Write out the data word for word, taking care that no picture is carried over.

Records contained in a dataset
┌────────
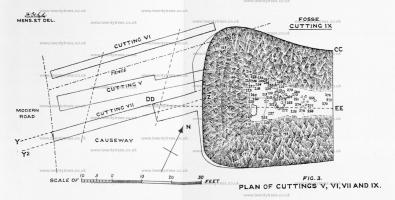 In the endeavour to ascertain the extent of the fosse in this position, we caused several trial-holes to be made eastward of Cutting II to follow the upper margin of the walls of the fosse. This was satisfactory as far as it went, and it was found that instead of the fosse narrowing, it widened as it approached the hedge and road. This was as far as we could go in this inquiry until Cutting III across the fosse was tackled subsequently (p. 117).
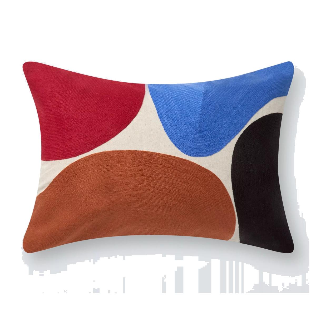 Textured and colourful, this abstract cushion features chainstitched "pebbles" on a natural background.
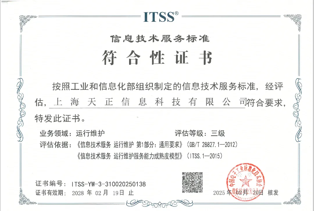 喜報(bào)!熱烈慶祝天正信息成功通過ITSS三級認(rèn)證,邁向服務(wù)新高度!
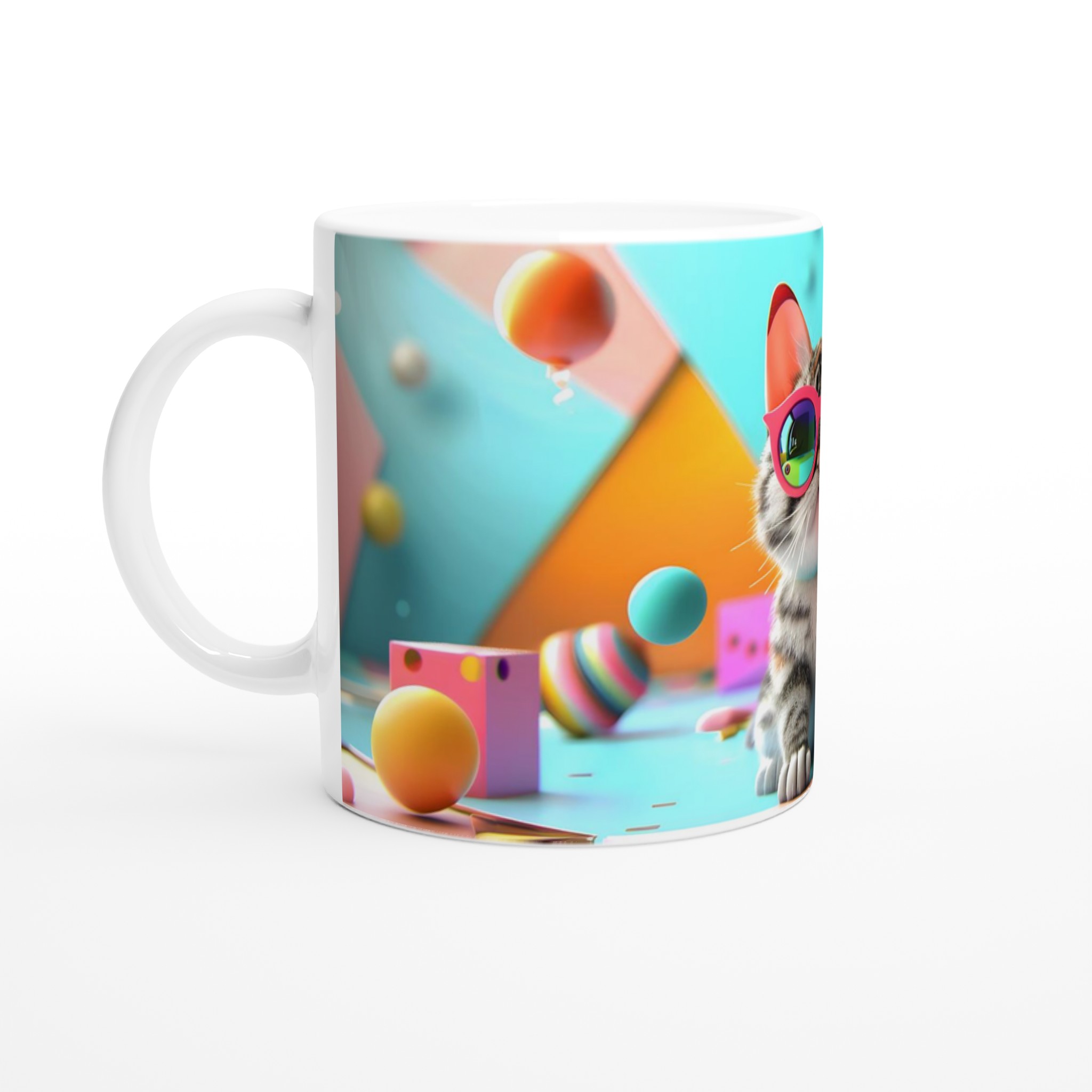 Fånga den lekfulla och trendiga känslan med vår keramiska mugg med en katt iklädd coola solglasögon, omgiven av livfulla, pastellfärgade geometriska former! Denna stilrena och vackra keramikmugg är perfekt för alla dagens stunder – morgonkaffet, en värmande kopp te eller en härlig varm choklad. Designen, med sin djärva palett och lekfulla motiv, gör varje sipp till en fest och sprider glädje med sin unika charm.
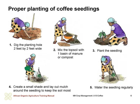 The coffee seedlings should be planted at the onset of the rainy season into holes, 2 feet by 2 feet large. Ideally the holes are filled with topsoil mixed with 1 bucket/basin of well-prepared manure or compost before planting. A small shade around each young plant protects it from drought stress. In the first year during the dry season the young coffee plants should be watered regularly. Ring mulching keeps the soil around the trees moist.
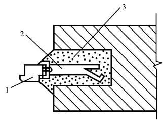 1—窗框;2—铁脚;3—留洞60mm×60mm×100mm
└────────
## Result of the exercise:
 In the endeavour to ascertain the extent of the fosse in this position, we caused several trial-holes to be made eastward of Cutting II to follow the upper margin of the walls of the fosse. This was satisfactory as far as it went, and it was found that instead of the fosse narrowing, it widened as it approached the hedge and road. This was as far as we could go in this inquiry until Cutting III across the fosse was tackled subsequently (p. 117).
 Textured and colourful, this abstract cushion features chainstitched "pebbles" on a natural background.
 喜報(bào)!熱烈慶祝天正信息成功通過ITSS三級認(rèn)證,邁向服務(wù)新高度!
 Fånga den lekfulla och trendiga känslan med vår keramiska mugg med en katt iklädd coola solglasögon, omgiven av livfulla, pastellfärgade geometriska former! Denna stilrena och vackra keramikmugg är perfekt för alla dagens stunder – morgonkaffet, en värmande kopp te eller en härlig varm choklad. Designen, med sin djärva palett och lekfulla motiv, gör varje sipp till en fest och sprider glädje med sin unika charm.
 The coffee seedlings should be planted at the onset of the rainy season into holes, 2 feet by 2 feet large. Ideally the holes are filled with topsoil mixed with 1 bucket/basin of well-prepared manure or compost before planting. A small shade around each young plant protects it from drought stress. In the first year during the dry season the young coffee plants should be watered regularly. Ring mulching keeps the soil around the trees moist.
 1—窗框;2—铁脚;3—留洞60mm×60mm×100mm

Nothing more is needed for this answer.